* _Listed entries_

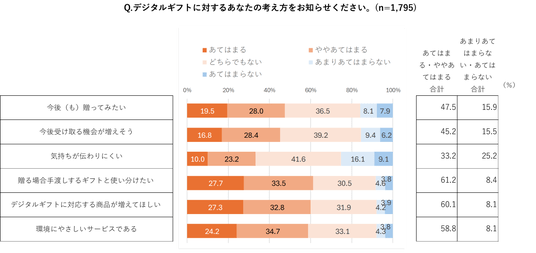 また、「デジタルギフトに対応する商品が増えてほしい」では「あてはまる」「ややあてはまる」の合計が60.1%となり、今後さらにサービスが充実することを望んでいる層も多いようです。前段の「贈り物をデジタルギフトで受け取りたくない理由」では、「利用店舗が限られる」では34.9%、「有効期限が短い」では20.4%の回答が見られました。対象商品の幅が広がることはもちろん、利用可能な店舗の拡大や有効期限の延長などによって、デジタルギフトは贈り物として、さらに広く浸透していく可能性が高いと考えられます。
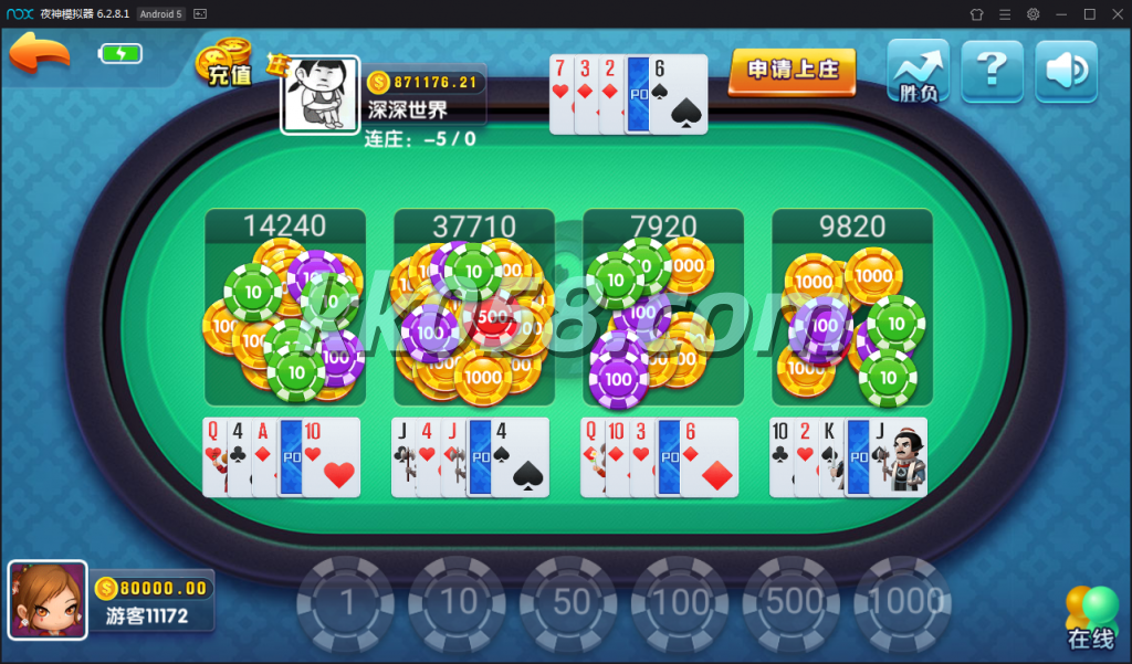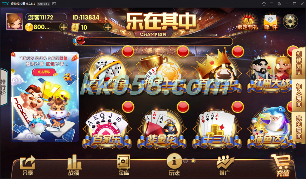 内含游戏:百人骰宝,抢庄牛牛,百人牛牛,红黑大战,百家乐,炸金花,十三水,捕鱼达人,广东麻将,三公,飞禽走兽,奔驰宝马,推筒子,红中麻将,斗地主 更多棋牌电玩
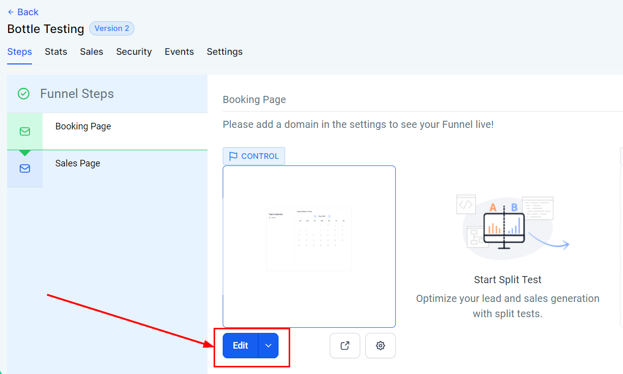 Select the funnel where you wish to add a video, then access the editor of the step where the video element is to be added.
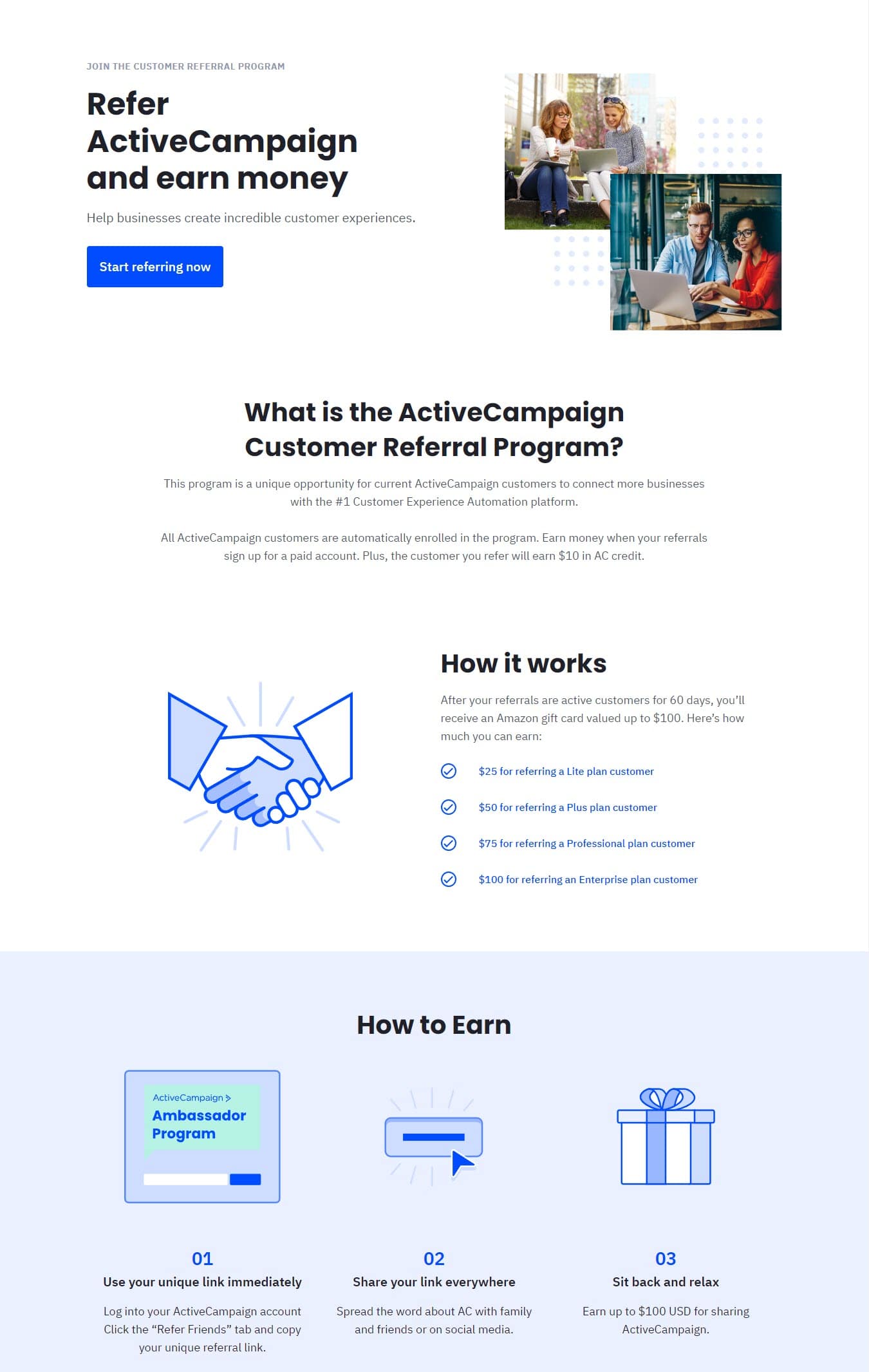 We also love that stakeholders earn rewards based on the value a newly referred ActiveCampaign brings to the company. Incentives range from $25-$100 in Amazon credits, based on the cost of the plan the referred customer bought.
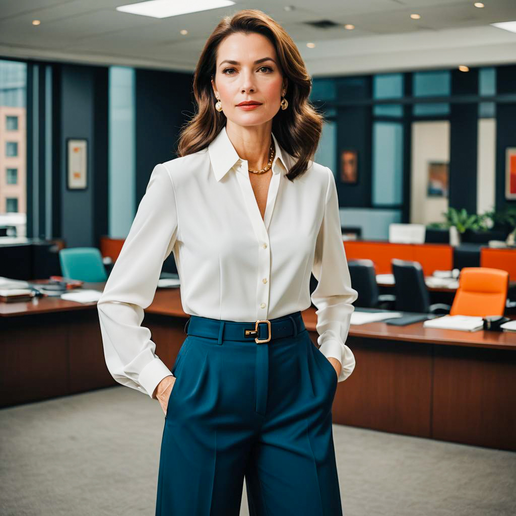 Wide-leg pants outfit, worn by business professional woman, featuring tailored wide-leg pants with a silk blouse, in bold statement colors, captured in corporate environment portrait.
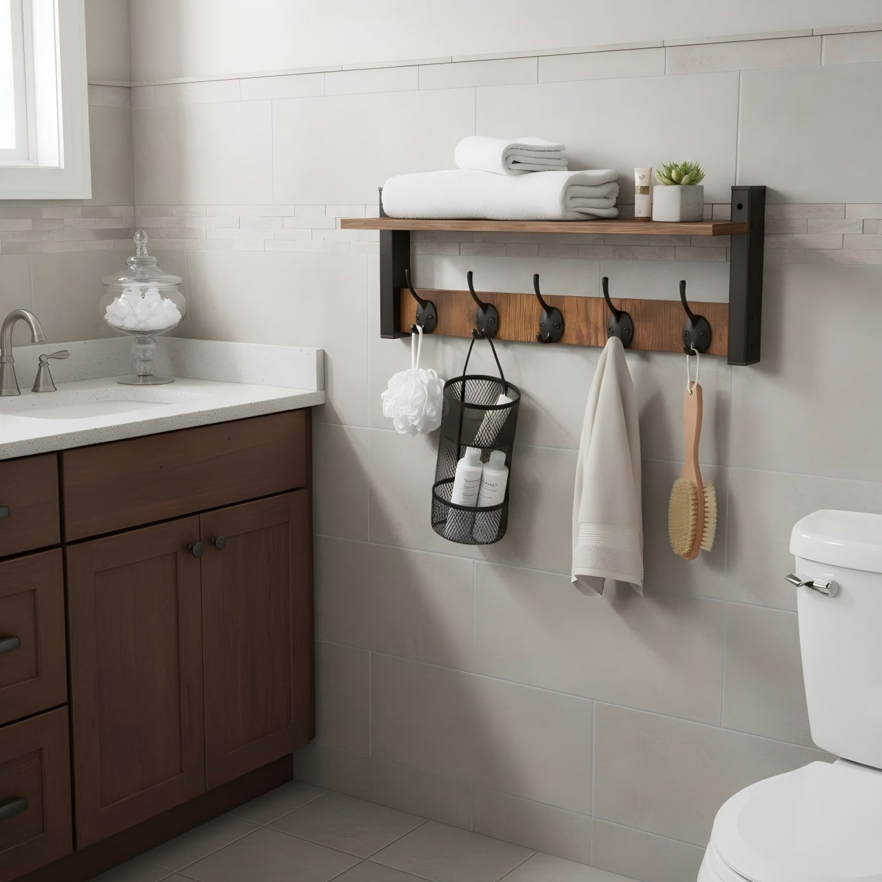 【Sturdy & Stylish Design】Crafted from MDF and reinforced with metal brackets, this wall-mounted shelf features five hooks, offering durable, rustic charm that's perfect for modern farmhouse or industrial decor. Ideal for entryways, hallways, garages, or mudrooms.
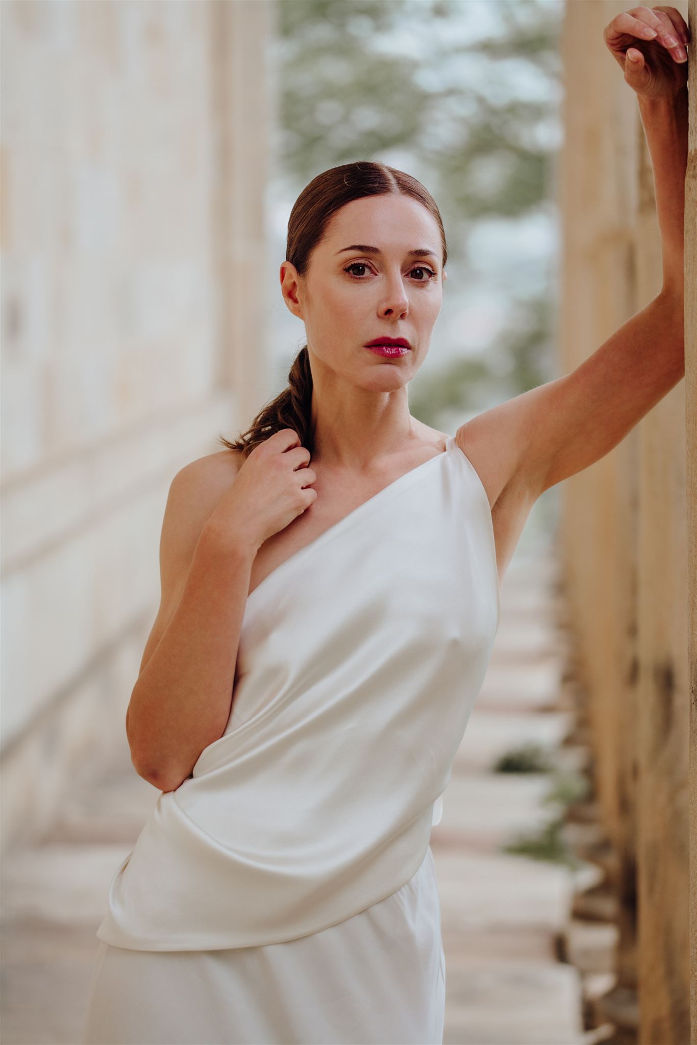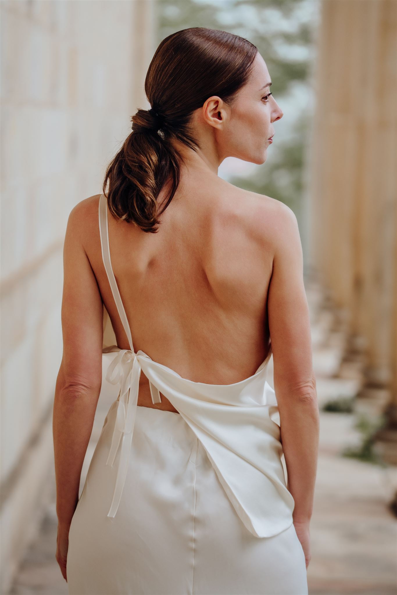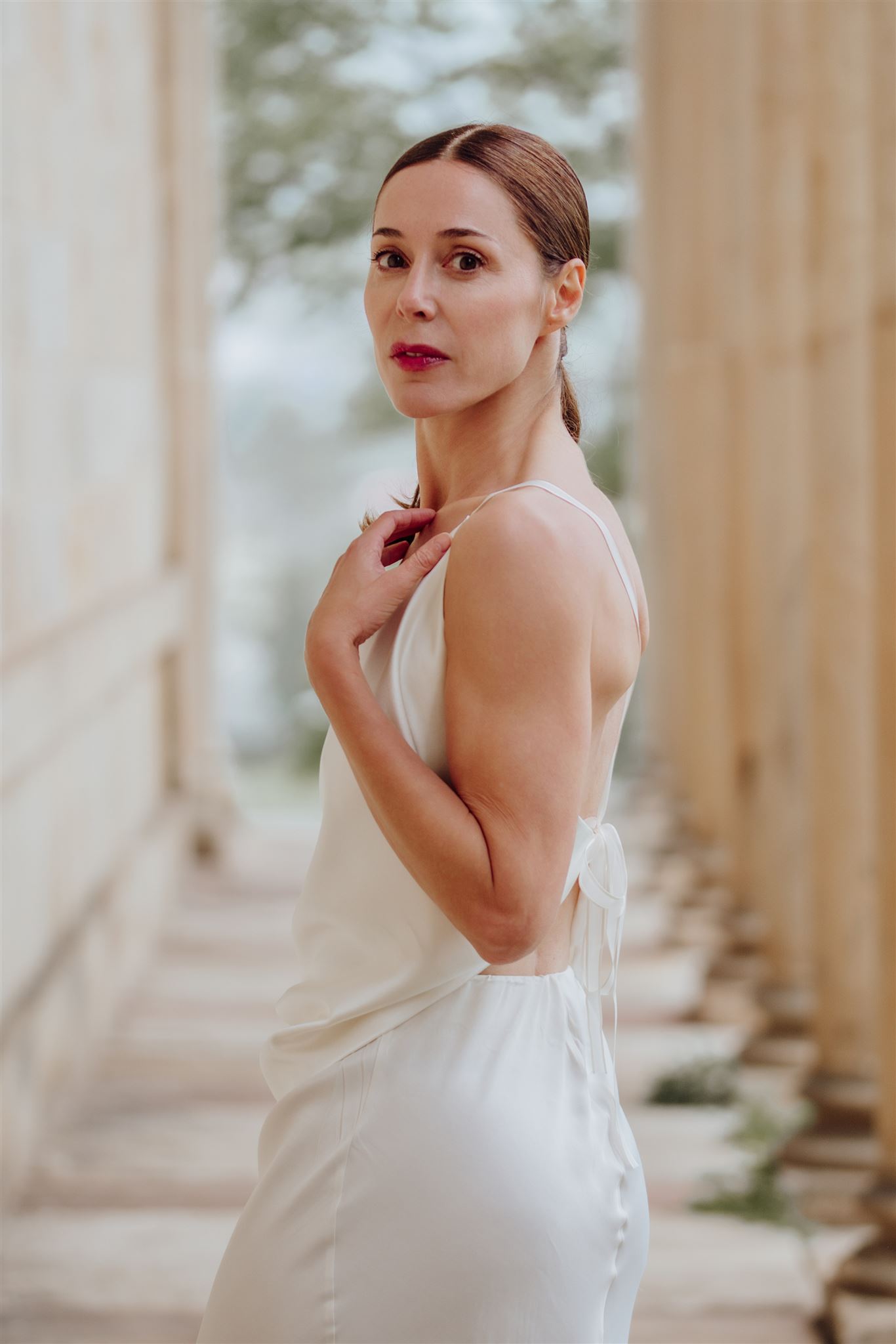 El top Emma está confeccionado en un tejido tipo piel de ángel con mezcla de seda. los tirantes lazo son elegantes y a la vez modernos, decorando y sujetando la pieza de espalda descubierta.
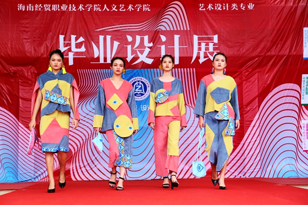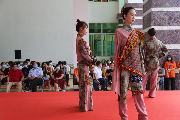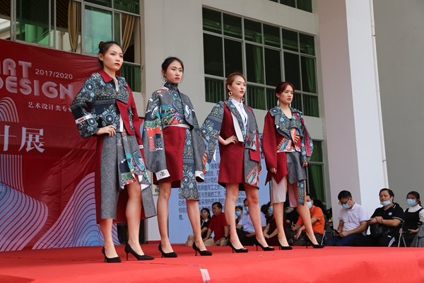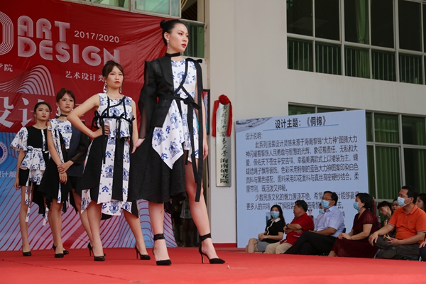 本次作品展汇集了2017级品牌设计与管理、广告设计与传播、室内设计、景观设计、服装与服饰设计5个专业共计225名同学的创作成果。它不仅饱含着师生们三年来教与学的心血和结晶,也承载着所有关心beats365亚洲版官网发展的人们的期待。今年的作品展规模更加宏大,品类更加丰富,创意氛围更加浓厚。同学们的精心布展优化提升了展示水平和展览效果,让观众获得更好的创意文化体验。开展仪式上,同学们还进行了时装秀表演,凝聚海南传统元素、创意十足的服装设计吸引了广大师生前来观看。
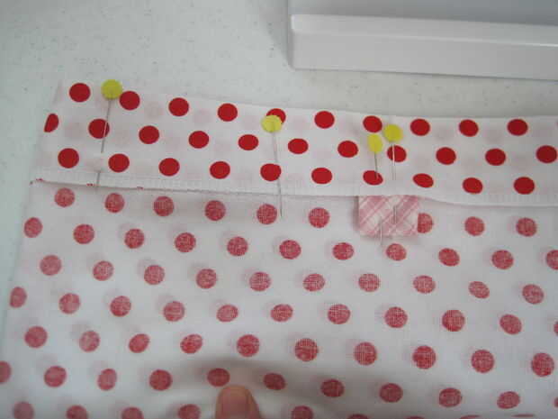 Doblar la banda de cintura de más de 1.5 a 2 pulgadas. Esto depende cómo grueso su elástica. Marcar con un alfiler donde vas a comenzar a coser y cuando terminas, deje un espacio de 3 pulgadas. También puse una etiqueta en la parte posterior, normalmente utilizo restos de cinta de bies (cualquier cinta funcionará también.) Cosa de pin a pin dejando la brecha abierta. Coser otra línea alrededor del borde superior sobre un 1/8 de pulgada de la parte superior. Hacer coincidir las costuras laterales agregué otra línea cosido a la parte superior y la parte inferior de la banda de la cintura. Antes de coser cerrado añadir el elástico. Utilizo un imperdible a un extremo para abastecerlo a través de la carcasa del recién formada. Si usted puede tener el tratar de beneficiarios previsto en la falda para asegurarse de que el elástico se ajusta a derecho. Una vez hecho esto coser el hueco. Porque la toalla ya estaba terminado en el final no dobladillo la falda, si había corte ambos extremos necesita dobladillo en este punto.

* _Exercise instructions_
Copy everything above from the line holding "We also love" down to the line holding "本次作品展汇集了2017级品", both ends included, exactly as it stands and without the pictures.

* _Response box_
 We also love that stakeholders earn rewards based on the value a newly referred ActiveCampaign brings to the company. Incentives range from $25-$100 in Amazon credits, based on the cost of the plan the referred customer bought.
 Wide-leg pants outfit, worn by business professional woman, featuring tailored wide-leg pants with a silk blouse, in bold statement colors, captured in corporate environment portrait.
 【Sturdy & Stylish Design】Crafted from MDF and reinforced with metal brackets, this wall-mounted shelf features five hooks, offering durable, rustic charm that's perfect for modern farmhouse or industrial decor. Ideal for entryways, hallways, garages, or mudrooms.
 El top Emma está confeccionado en un tejido tipo piel de ángel con mezcla de seda. los tirantes lazo son elegantes y a la vez modernos, decorando y sujetando la pieza de espalda descubierta.
 本次作品展汇集了2017级品牌设计与管理、广告设计与传播、室内设计、景观设计、服装与服饰设计5个专业共计225名同学的创作成果。它不仅饱含着师生们三年来教与学的心血和结晶,也承载着所有关心beats365亚洲版官网发展的人们的期待。今年的作品展规模更加宏大,品类更加丰富,创意氛围更加浓厚。同学们的精心布展优化提升了展示水平和展览效果,让观众获得更好的创意文化体验。开展仪式上,同学们还进行了时装秀表演,凝聚海南传统元素、创意十足的服装设计吸引了广大师生前来观看。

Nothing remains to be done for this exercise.